According to Jonathan Rowlands, the producer of both albums, when BBC Radio 1 disc jockey Noel Edmonds heard colleague Tony Blackburn play the record, "he grabbed it from his turntable, played it just once, and the result was that an atomic scientist who was on secondment with the British Museum, upon hearing the show and recognising that Captain Beaky's bete-noir [sic] Hissing Sid was not all that bad, wrote in [to the BBC] proclaiming "Hissing Sid Is Innocent Okay!".

The character of Hissing Sid is a snake, mentioned in both "Captain Beaky" on the first album and "The Trial of Hissing Sid" on the second.
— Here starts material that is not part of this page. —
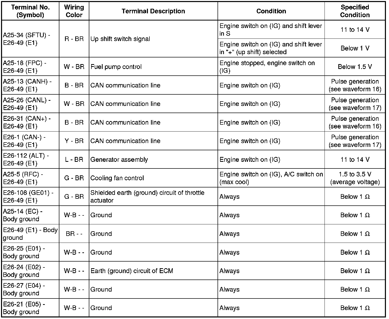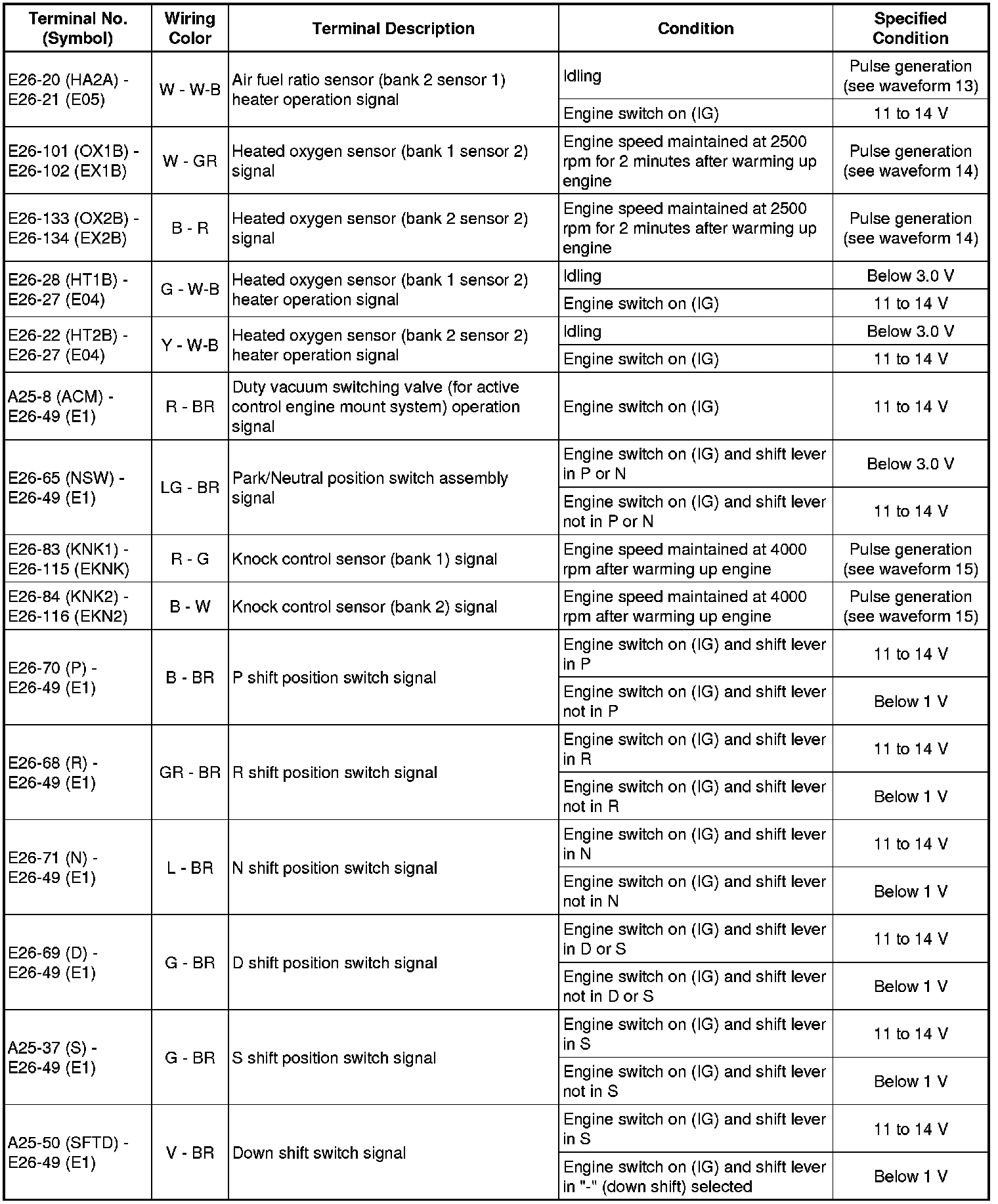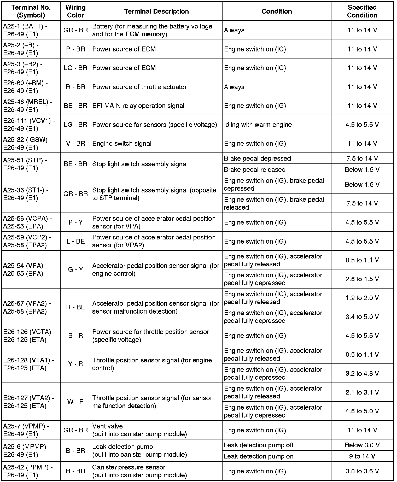 The standard voltage between each pair of the ECM terminals is shown in the table below. The appropriate conditions for checking each pair of the terminals are also indicated.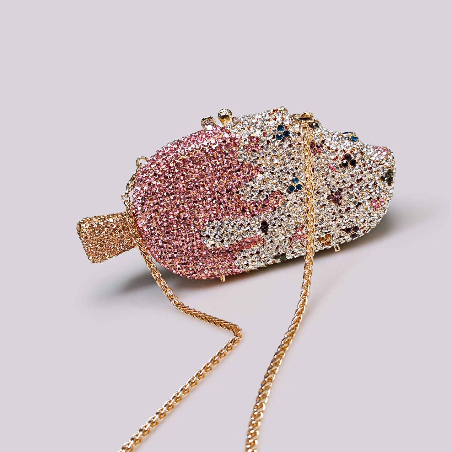 甜美可爱风手拿包轻奢晚宴礼服搭配的迷你包包精致水钻装饰口红包

The slogan "Hissing Sid is Innocent!" became a popular catch phrase, appearing everywhere including as a graffito on walls (sometimes as a modification for earlier "George Davis is Innocent!" graffiti, especially after Davis' second conviction), on badges, and on car stickers.

== Track listings ==

=== Volume I ===
First released on vinyl in 1977. Re-released as a compact disc (EAN 5032796014621) in 2002.
1. "Captain Beaky", Keith Michell
2. "Harold the Frog", Harry Secombe
3. "Jacques, a Penniless French Mouse", Peter Sellers
4. "Nathaniel Gnat", Twiggy
5. "Wilfred the Weasel", Keith Michell
6. "Dilys the Dachshund", Harry Secombe
7. "The Snail", Twiggy
8. "Blanche", Keith Michell
9. "My Best Friend", Jeremy Lloyd
10. "The Ginger Cat", Keith Michell
11. "Desmond the Duck", Harry Secombe
12. "Ronald the Rat", Twiggy
13. "The Haggis Season", Peter Sellers
14. "Dennis the Dormouse", Twiggy
15. "Herbert the Hedgehog", Harry Secombe
16. "Doreen the Duckling", The King's Singers (CD edition only)
17. Overture "The Orchestra"

=== Volume II ===
First released on vinyl in 1980. Re-released as a compact disc (EAN 5032796014720) in 2002.
1. "The Trial of Hissing Sid!!!", Keith Michell
2. "Jock the Flea", Jeremy Lloyd
3. "Candle Tango", Keith Michell
4. "Fred and Marguerite", Petula Clark
5. "Helen the Hippo", Penelope Keith
6. "Mandy the Mouse", Noel Edmonds
7. "Fanshaw the Fly", Keith Michell
8. "Stanley the Stork", Peter Skellern
9. "Kenny the Koala", Harry Secombe
10. "Daddy Long Legs", Peter Skellern (with footnotes by Lionel Blair)
11. "Browser Long", Penelope Keith
12. "Enrico the Canary", Harry Secombe (accompanied by Midori Nishiura)
13. "Teddy's Tea Time", Jeremy Lloyd
14. "Wendell the Worm", The King's Singers
15. "The Bumble Bee", Petula Clark
16. "Dotty the Cuckoo", Noel Edmonds
17. "Camille", Matthew Vine
18. "Captain Beaky's Christmas Pantomime", Keith Michell
19. "Captain Beaky's Christmas Carol", Matthew Vine

The original vinyl and cassette editions differ slightly from this track listing, omitting some tracks but including the additional "Doreen the Duckling", The King's Singers and with "Teddy's Tea Time" titled "Nearly Four".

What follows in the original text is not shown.